Using the new LayOut is nice, but I have noticed that dragging objects don’t readily snap to corners, midpoints, etc. anymore… I opened a blank Layout file, drew a quick rectangle and drag copied it out. When I try to bring it back over top of the existing rectangle, it cannot find an Object Snap. It works with the Precise Move tool handle, but seems that it’s either been omitted or deleted as a feature in this version of LayOut.
Also tried with LayOut 2022 and do not have a problem.
Is this how the new LayOut is supposed to work, or is anyone else experiencing this?
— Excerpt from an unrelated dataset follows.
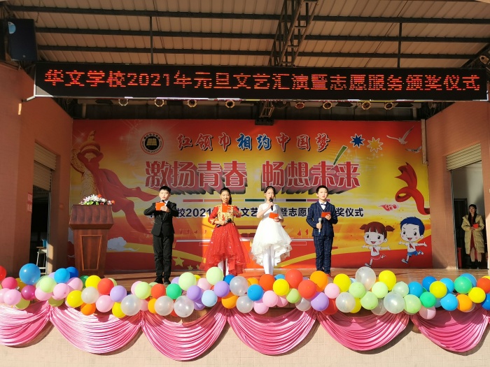 時(shí)光流淌辭舊歲,萬象更新賀新年。為豐富學(xué)校文化生活,給華文學(xué)子搭建一個(gè)培養(yǎng)能力、展示才華的舞臺(tái),激發(fā)學(xué)生熱愛生活、熱愛學(xué)習(xí)、熱愛校園的情感,提高學(xué)生的全面素質(zhì),華文學(xué)校于12月31日上午舉行2021年元旦文藝匯演暨志愿服務(wù)頒獎(jiǎng)儀式。

Thank you, Paul. I believe you are correct and this is the new functionality of objects in LayOut. It seems like a step backwards for ease-of-use, as I think inferring edge snaps of objects without having to use the Precise Move tool is adding unnecessary clicks. The older versions seemed to flow a bit better for me, and appears ubiquitous in other software to help align things (Photoshop, Illustrator, InDesign, PowerPoint, Xara). I do really like this new version of LayOut, but without a quick way to pull out guides or a type of Tape Measure tool like in SketchUp, it just seems slower in workflow and execution. Hope the Trimble folks can add this back as an option.
For the corner, midpoints and centre, you need to grab near the those positions and Layout will automatically get that snap point and use it.
If you don’t grab near those positions, Layout will use your mouse-down point as the snap point.
As I said – I told the SketchUp team that I was a little dismayed about the new behaviour but after it was explained to me I better understood and I now find it to work very well.
When I read your post, I struggled to remember how snapping in 2023 worked.
Paul, you’re the best! Now I can finally grasp how this new functionality works with your explanation and wonderfully education gif examples. It’s a wonder how much I have learned through the years with animated gifs (shout out to Box)!
So, the real trick is the hover… and to be fair - it does get a little tedious with grouped objects and selection snaps at the bottom left side, but it does seem to work.
Thank you, sincerely, again for taking the time to elaborate and illustrate how this works. Hopefully, this post can serve as a way of helping others like myself migrating from older versions of SketchUp and LayOut.
Thanks for this! It’s been driving me nuts. But it doesn’t allow you to snap it to two points. I use layout to overlay lighting grids on my drawings and need to snap to the centre of a circle to a corner of a rectangle and you can’t seem to do this all in one? Any ideas?
FYI @jmeblake - just to add to what Paul said you can also click alt to toggle off the widget handle and assign a transparent fill if that helps (see Mike’s video)
I have switched back to 2023. These changes to 2024 should have been thought through better during development and testing. A colleague of mine also discovered an issue with some lines not showing visibly on views when imported into Layout. This only occurs in 2024 (not 2023) using the same model file.
The stretching behavior of viewports has changed for the worse. I frequently use temporary lines drawn from walls/ceilings/floors to shrink my viewport edges to for interior elevation drawings, however the new Layout seems to “ignore” overlay lines drawn from a snap to SketchUp geometry. I can’t draw a temporary line along a ceiling and shift the viewport edge to snap to that line, however if i draw a line that isn’t starting from any particular SketchUp linework, the Layout viewpoint WILL snap to it. What is going on there?
Yes. On my setup, stretching the viewport to that line will not give me any kind of “snap”. If I move the line with arrow keys 1 tick up, and 1 tick back down, then it will snap to the line. If I draw a line just randomly, not connected to any SketchUp geometry, the viewport will snap to the line. I have tested it in a couple of Layout files and they repeat the behavior.
Yes, it does work for viewports, but you have to add a stroke. Select the viewport, use hotkey to add a stroke, use the new inference-referencing to move it, then hotkey the stroke away. Similar to needing a fill to automatically inference from the center point of geometry.
To be fair, I wouldn’t have figured that out if I hadn’t found this thread. Thanks to PaulMcAlenan for his explanations.